With Arthur’s yearning, the film becomes something of a romance, in addition to its science-fictional, philosophical, and boys adventure dimensions. Such multiplicity may please the legions of Guide fans, who know what they’re seeking in this latest adaptation of Adams’ long-lived venture (it started as a BBC radio series [first aired in 1978], and thereafter turned into novel and tv series, albums and games). This long-anticipated movie (supposedly in the works for over 20 years, at one time attaching Jim Carrey), which means that some of the ideas, in being faithful to the source, also feel dated, that is, not especially new insights (mass media are deceitful, corporate workers are boring and shortsighted, boys are nervous about expressing their feelings to girls… well, okay, some old concerns remain unresolved).

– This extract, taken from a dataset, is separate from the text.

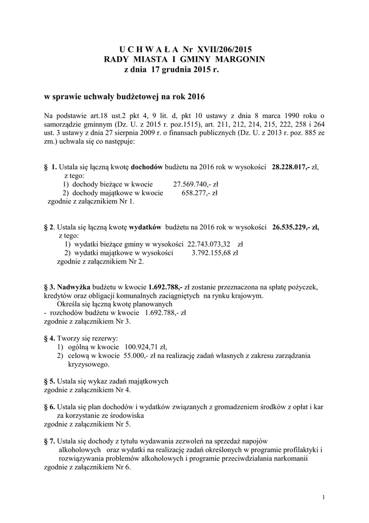 U C H W A Ł A Nr XVII/206/2015 RADY MIASTA I GMINY MARGONIN z dnia 17 grudnia 2015 r. w sprawie uchwały budżetowej na rok 2016 Na podstawie art.18 ust.2 pkt 4, 9 lit. d, pkt 10 ustawy z dnia 8 marca 1990 roku o samorządzie gminnym (Dz. U. z 2015 r. poz.1515), art. 211, 212, 214, 215, 222, 258 i 264 ust. 3 ustawy z dnia 27 sierpnia 2009 r. o finansach publicznych (Dz. U. z 2013 r. poz. 885 ze zm.) uchwala się co następuje: § 1. Ustala się łączną kwotę dochodów budżetu na 2016 rok w wysokości 28.228.017,- zł, z tego: 1) dochody bieżące w kwocie 27.569.740,- zł 2) dochody majątkowe w kwocie 658.277,- zł zgodnie z załącznikiem Nr 1. § 2. Ustala się łączną kwotę wydatków budżetu na 2016 rok w wysokości 26.535.229,- zł, z tego: 1) wydatki bieżące gminy w wysokości 22.743.073,32 zł 2) wydatki majątkowe w wysokości 3.792.155,68 zł zgodnie z załącznikiem Nr 2. § 3. Nadwyżka budżetu w kwocie 1.692.788,- zł zostanie przeznaczona na spłatę pożyczek, kredytów oraz obligacji komunalnych zaciągniętych na rynku krajowym. Określa się łączną kwotę planowanych - rozchodów budżetu w kwocie 1.692.788,- zł zgodnie z załącznikiem Nr 3. § 4. Tworzy się rezerwy: 1) ogólną w kwocie 100.924,71 zł, 2) celową w kwocie 55.000,- zł na realizację zadań własnych z zakresu zarządzania kryzysowego. § 5. Ustala się wykaz zadań majątkowych zgodnie z załącznikiem Nr 4. § 6. Ustala się plan dochodów i wydatków związanych z gromadzeniem środków z opłat i kar za korzystanie ze środowiska zgodnie z załącznikiem Nr 5. § 7. Ustala się dochody z tytułu wydawania zezwoleń na sprzedaż napojów alkoholowych oraz wydatki na realizację zadań określonych w programie profilaktyki i rozwiązywania problemów alkoholowych i programie przeciwdziałania narkomanii zgodnie z załącznikiem Nr 6. 1 § 8. Ustala się dochody i wydatki: 1) związane z realizacją zadań z zakresu administracji rządowej i innych zadań zleconych gminie ustawami zgodnie z załącznikiem Nr 7, 2) na realizację zadań własnych zgodnie z załącznikiem Nr 8, § 9. Ustala się dotacje udzielane z budżetu gminy, w tym: 1) dla jednostek sektora finansów publicznych 2) dla jednostek spoza sektora finansów publicznych zgodnie z załącznikiem Nr 9. § 10. Ustala się wydatki na przedsięwzięcia realizowane w ramach funduszu sołeckiego zgodnie z załącznikiem Nr 10. § 11. Ustala się limit zobowiązań z tytułu zaciąganych kredytów i pożyczek oraz emitowanych papierów wartościowych w kwocie 100.000 zł, w tym na: - pokrycie występującego w ciągu roku przejściowego deficytu budżetu w kwocie 100.000 zł. § 12. Upoważnia się Burmistrza Miasta i Gminy Margonin do: 1) zaciągania pożyczek i kredytów na pokrycie występującego w ciągu roku budżetowego deficytu budżetu do wysokości 100.000 zł, 2) udzielania pożyczek z budżetu do kwoty 95.000,- zł. 3) dokonywania zmian w planie wydatków pomiędzy paragrafami i rozdziałami w ramach działu w zakresie wydatków na wynagrodzenia ze stosunku pracy, wydatków majątkowych oraz przesunięć między wydatkami bieżącymi a majątkowymi, 4) lokowania wolnych środków budżetowych na rachunkach bankowych w innych bankach niż bank prowadzący obsługę budżetu, 5) przekazania uprawnień kierownikom jednostek organizacyjnych do zaciągania zobowiązań z tytułu umów, których realizacja w roku budżetowym i latach następnych jest niezbędna do zapewnienia ciągłości działania jednostki i z których wynikające płatności wykraczają poza rok budżetowy. 6) udzielania pożyczek z budżetu do kwoty 95.000,- zł. § 13. Ustala się kwotę 1.200.000 zł, do której Burmistrz Miasta i Gminy Margonin może samodzielnie zaciągać zobowiązania. § 14. Wykonanie uchwały powierza się Burmistrzowi Miasta i Gminy Margonin. § 15. Uchwała wchodzi w życie z dniem podjęcia z mocą obowiązującą od 1 stycznia 2016 roku i podlega publikacji w Dzienniku Urzędowym Województwa Wielkopolskiego. 2 Uzasadnienie do uchwały Nr XVII/206/2015 Rady Miasta i Gminy Margonin z dnia 17 grudnia 2015 r. w sprawie uchwały budżetowej na 2016 rok. Budżet na 2016 rok opracowany został w założeniu o sugerowane przez Ministerstwo Finansów wskaźniki wzrostu oraz kwoty subwencji oświatowej, wyrównawczej, równoważącej i udziału w podatku dochodowym od osób fizycznych. Podobnie postąpiono w przypadku przyjmowania do budżetu kwot dotacji celowych na zadania zlecone i zadania własne. W przedłożonym budżecie na 2016 rok zastosowano zmiany szczegółowej klasyfikacji dochodów i wydatków oraz przychodów i rozchodów. (Dz. U. z 2015 r. poz. 931 ze zm). Strona dochodowa budżetu zawiera wpływy z wszystkich możliwych źródeł wynikających z przepisów prawa. Po stronie wydatków przyjęto do realizacji wszystkie zadania obligatoryjnie ciążące na gminie oraz kwoty wydatków inwestycyjnych. Dochody budżetu Miasta i Gminy na 2016 rok wynoszą 28.228.017,- zł, a wydatki budżetu 26.535.229,- zł. W budżecie zaplanowano nadwyżkę budżetową w wysokości 1.692.788,- zł. Nadwyżka zostanie przeznaczona na spłatę zobowiązań z tytułu zaciągnięcia pożyczek i kredytów oraz wykup obligacji komunalnych. Po stronie rozchodów zaplanowano: - spłatę kredytów i pożyczek wcześniej zaciągniętych, których raty przypadają na 2016 rok w wysokości 497.788,- zł, - wykup obligacji komunalnych w kwocie 1.100.000,- zł, - udzielenie pożyczki z budżetu – 95.000,- zł. W planie budżetowym z stosunku do projektu budżetu na 2016 rok wprowadza się następujące zmiany: 3) Zwiększa się dochody o kwotę 350.000,- zł, w tym: - zwiększenie o środki na zadanie inwestycyjne pozyskane z innych źródeł-umowa partnerska Agrifirm (60016 § 6290) kwota 500.000,- zł. -zmniejszenie dochodów po rezygnacji z pomocy finansowej od Starostwa Powiatowego w Chodzieży na drogę Rutki-Klotyldzin (60016 § 6300) minus 1

Just so, the film takes a more or less conventional narrative shape, such that the motley crew is repeatedly buffeted by forces beyond their control. This particularly whenever they hit the ship’s hyperspace button, which sends them hurtling through time and space, and deposits them in assorted fanciful embodiments (as when all are turned into yarn dolls, and Arthur, his tummy turned by the buffeting, pukes colorful woolen strings). In each instance, they only have to wait until the ship’s sprightly, game-show-host-like computer fixes them, such that “normality” is restored.

The film occasionally challenges this seeming faith in normality as concept and experience (usually through the novels’ favorite devices, puns and asides). But for the most part, this Hitchhiker’s Guide assumes a low-key tolerance of the way things are. For all its bells and whistles, the search for meaning, much like a colorful traipse through Oz, takes you back to the mundane, where you might better appreciate your black-and-white lot. And so, this movie takes Arthur and company round to a planet where a cult, led by John Malkovich (a role Adams, who died in 2001, wrote for the film), ritually worship a sneeze (Malkovich’s suddenly revealed, and many, tap-tapping mechanical feet, emerging directly from his abbreviated torso, make some points about gulf between appearance and experience). And during another stop, they meet an architect of custom planets, Slartibartfast (the always engaging Bill Nighy), who offers to rebuild earth for the currently homeless Arthur.

Perhaps the film’s most provocative innovation is the POV (point of view) Gun, with which the shooter can instantly impose his perspective on a target, invented, reports the Guide narrator, by “a group of housewives who had become utterly sick of ending every domestic argument with the words, ‘You just don’t get it, do you?'” Once Trillian gets a hold of this potent weapon, her vulnerability is exposed, which means she finally seems to break through Zaphod and Arthur’s self-obsessions. But as the film never suggests how her life will improve once they “get it,” Trillion seems left adrift.